Leonid smirked. "That was always your problem, Dyusha. Impulsive as ever, yet you never took the calculated risks." _Fuck you, asshole._ "That's why you never made it to the legal side."

"Seems pretty boring to me. Working in an office, wearing a suit and all that shit."

"Please." Leonid's smirk grew wider. "I own this oblast and five others. You play by your CIA masters' rules. Here, I am the one who makes them."

"How nice for you," mumbled Kobin, pouring sullen envy into his voice, and turned back to the window. Let Leonid get his kicks feeling superior. Whatever it took to walk him into the ambush.

Leonid, over the past two days, had turned out to be amused by the idea that Kobin now worked for a single employer rather than his usual freelance profile of clients. He'd been especially entertained by Kobin's more staid appearance and by his general refusal to get more than buzzed despite the alcohol on offer nearly the entire time (bad idea, _bad idea,_ he would almost certainly lose what little control over his temper he retained). These, to him, were signs that Kobin's stubbornness had finally been broken and the man himself tamed. For his part Kobin had never thought Kostiuk harbored _that_ much resentment towards him. He'd always played the man fair, hadn't he, kept his word and cut him in for his proper share?

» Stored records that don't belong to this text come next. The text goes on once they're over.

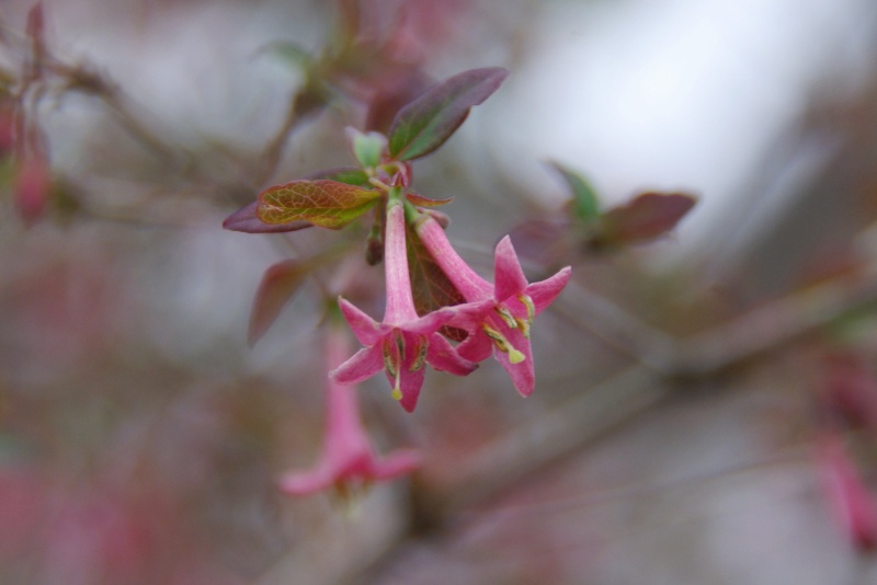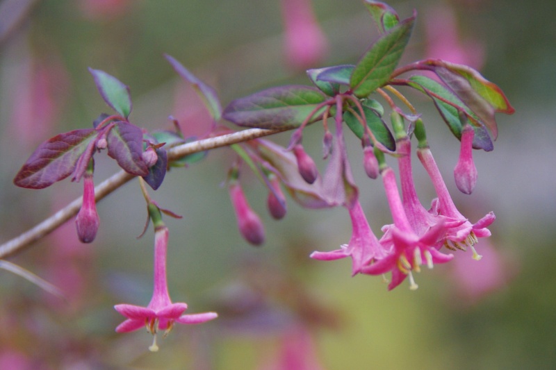 下向きに垂れ下がって咲く赤い花が印象的です。花の先は5つに切れ込んでいます。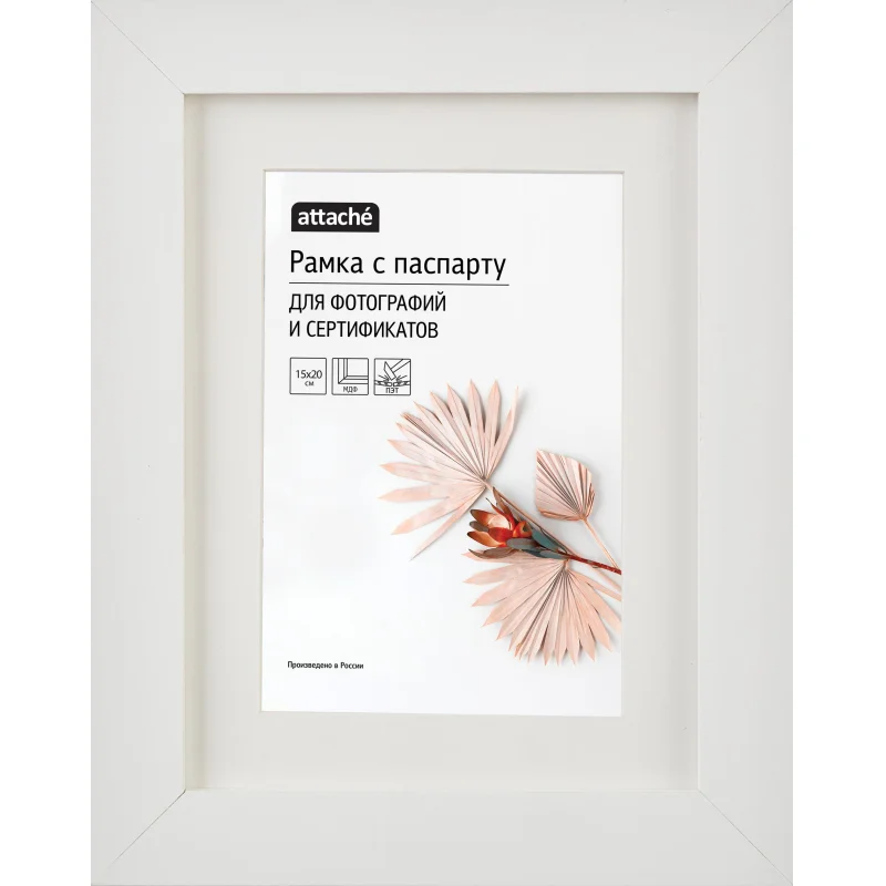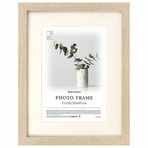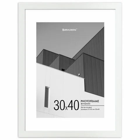 Рамка 30х40 см с паспарту 21х30 см, небьющаяся, багет 26 мм, МДФ, BRAUBERG 'Ambassador', белая, 3913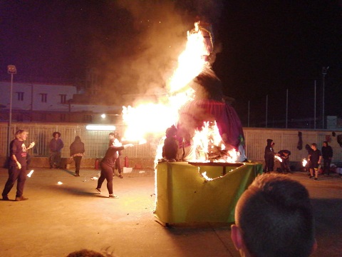 Azzano Mella 2019, presso l'oratorio, si brucia la vecchia! Tradizionale evento che viene ricordato ogni anno e che ha origini lontane, molto legate ai cicli della terra e pagane. Nel tempo ogni territorio e ogni quartiere ha elaborato la propria interpretazione di questa festa particolarmente attraente. Il fuoco che brucia e che rinnova la vita! I significati potrebbero essere molti, di sicuro non possono essere quelli attribuibili al rogo delle persone. Bisogna andare indietro molto nel tempo per comprendere l'essenza di questa festa, si può pensare addirittura ad intrecci di diverse culture e di diversi popoli, la magia di questa potenza che nel suo consumarsi rinnovava l'energia utile all'uomo. Saltabanco ha introdotto il rogo del 2019 con un breve spettacolo messo insieme dai ragazzi e dalle ragazze del ludospazio (ragazzi della scuola media). Una serata deliziosa che ha visto questi giovani esibirsi con giochi col fuoco.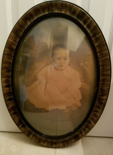 Title (ebay affiliate link): 23x16 Tiger Wood Oval Frame with Bubble Glass Vintage portrait Antique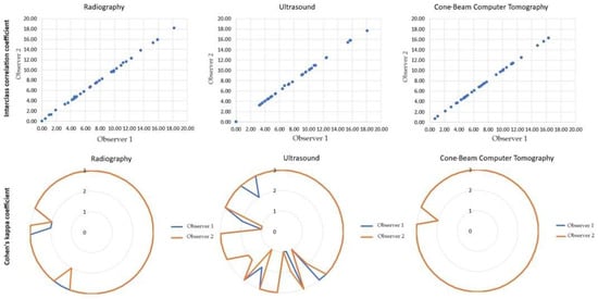 The observers’ agreement regarding the qualitative evaluation of periapical lesions was assessed via Cohen’s kappa coefficient, whereas quantitative evaluation was assessed via the interclass correlation coefficient.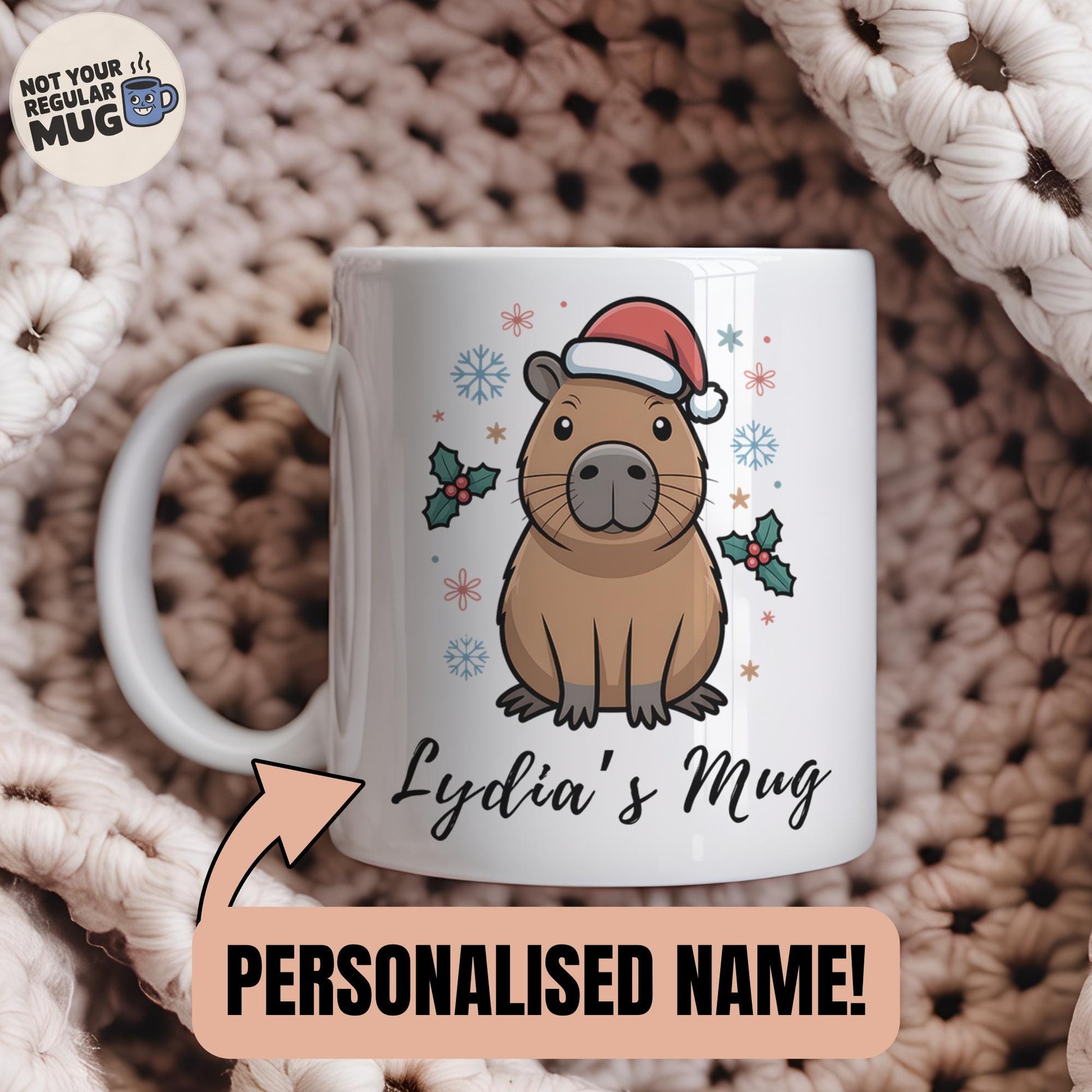 • Custom Christmas capybara mug with personalised name

But the shape of Leonid's sideways insults belied the wound beneath, and reading them he built up a new image: of a man who had quietly and carefully laid the foundations of a criminal empire while his ostentatious peers gloried in their fortunes and lived like kings, of a man who believed his restraint and discipline made him superior to his colleagues. That it would pay off in victory over people like Kobin in the end. Well, fuck him, then. Kostiuk was boring as shit. He thought his pride made him better? What was the point of pride if it got you killed?

It did surprise him, though, how little Leonid's barbs bothered him. Walking into the CIA's office in Libya had been one of the most difficult things he'd ever done; he began the day master of his domain and ended it little more than an asset to be squabbled over, as Fourth Echelon had driven home when Fisher decided he didn't like to _share._ When the adrenaline jolt of the Blacklist attacks wore off - when it became clear that Fisher had actually meant it about keeping him - the first month aboard Paladin had ground him down into utter misery. After a couple of weeks he'd swiped enough pills from the infirmary to do something about it, and at times he took them out and counted them just to make himself feel better. At least he had this one last sliver of control, this one remnant of autonomy: if he wanted to, he could die. They hadn't managed to take that away.

But then they'd let him out and, over days and weeks and months, ceased to limit him; and he had responded by adapting, bit by bit, to this new life, and now to his astonishment he realized he didn't miss the old one. All at once it unnerved him how far he had settled into Fourth Echelon's routine. He wasn't a prisoner. He wasn't a soldier. He wasn't an operative. What the hell was he doing here?

The core of his life hadn't changed, he told himself. Here he was (alive, healthy, intact, if exhausted) and he was doing what he was good at: bargaining and stealing and screwing over people who thought they could control him. Still, though. _This is my normal, now._ When he plotted out the arc of his future it glowed in cool shades of white and green; it looked like the wide sleek spread of Paladin's wings.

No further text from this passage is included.